April nodded and Nurse Gabby eased her head onto the pillow at the top of the cot.
“I’m so sorry, April!” I yelled as Nurse Gabby shooed us out. April didn’t move, just laid there like Snow White, holding a grapefruit instead of a poisoned apple.
Ash and Jer turned on me as the door snapped shut.
“You know,” Ash said, “I defended you when my sister said you were mean and selfish. April said you were her friend, so I figured Kira was wrong. But she wasn’t, was she?”
Jer stared at me with wide, green eyes. “Why would you lie to me like that?”
I opened my mouth to answer, but nothing came out. Because there was no way I could justify what I did. I had become a Becky, pushing someone to do something just because it was what I wanted. No. I was worse than Becky.
Becky only hurt me. I had hurt lots of people.
Like it was on cue, Megan ran up the path to Nurse Gabby’s office. “I heard,” she huffed, putting her hands on her knees to breathe.
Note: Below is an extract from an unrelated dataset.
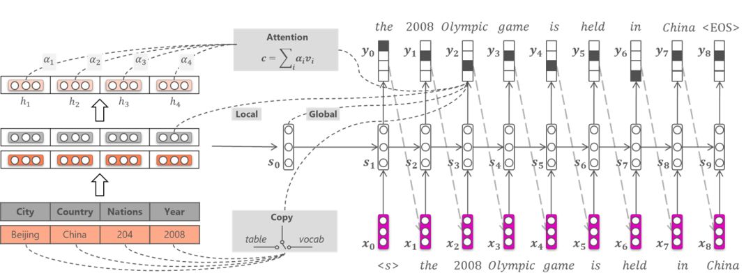 我们的模型基于Sequence-to-Sequence框架,如下图所示。为了考虑表格的结构性(如打乱表格的各列不改变其表示),我们在编码器模块没有使用序列化的形式去建模各个列的表示;为了有效从表格中复制低频词到输出序列,我们设计了基于表格结构的复制机制。
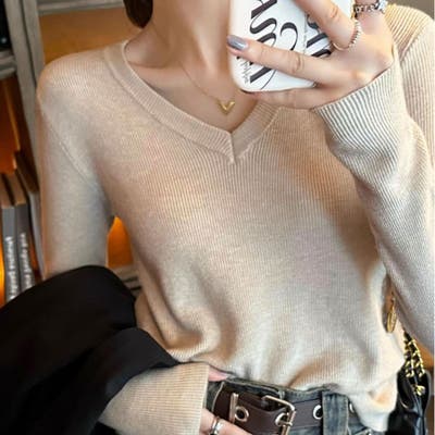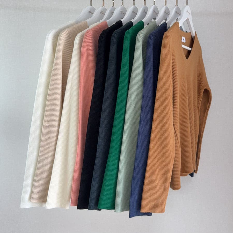 着ぶくれしない重ね着にお勧め薄手のvネックカットソーが登場。

She must’ve run the whole way from the picnic areas.
“Is April okay?”
“She has a concussion,” Jer said. “Thanks to Lucy.” He turned to face Megan. “If she hadn’t lied to me about April liking me I wouldn’t have even juggled. April likes Ash, not me.”
“She doesn’t like me!” Ash gasped. “We are seriously just friends. I don’t like any girls here.”
“But you said Ash likes me!” Megan whipped toward me.
Ash’s mouth dropped open. “I don’t like you.” At Megan’s squeak, he put his hand out. “I mean, I don’t like you that way. I’m not into … I’m not ready …” Ash’s fists clenched and he stomped his foot. “Thanks a lot, Lucy,” he whispered and then stomped off.
“I can’t believe you,” Megan hissed and walked away.
“Wait up,” Jer called as he ran toward her.
I sank back down on Nurse Gabby’s stoop.
Nurse Gabby came to the stoop with her cell phone in hand about a half hour later. “Is she going to be all right?” I asked.
“She should be,” the nurse said. “Not a lot of statistics on concussion by grapefruit. I need to call her parents.”
“Does she have to go home?” I asked.
“Nah, but she’ll need to take it easy. No more swimming, archery, or any of the other Camp Paleo stuff. It’s all bad for the recently concussed.”
“Recently concussed?” I raised an eyebrow at Nurse Gabby, wondering if she had made up a word.
Her eyes scanned me on the stoop. “Why don’t you head back? It’s got to be close to dinnertime.”
“I’ll stay here, if that’s okay,” I said.
Nurse Gabby looked up from her phone. “You must be a good friend to her.”
I shook my head. “No, I’m not.”
Grandma came to bring April dinner an hour later. She shook my shoulder and woke me from where I’d fallen asleep on the stoop.
“Want me to tell her hi from you?” Grandma asked.
I shook my head again.
Grandma handed me a cookie, but I didn’t take it.
“Hang in there, Toots,” she said, and put a ham sandwich next to me on her way back to the cafeteria.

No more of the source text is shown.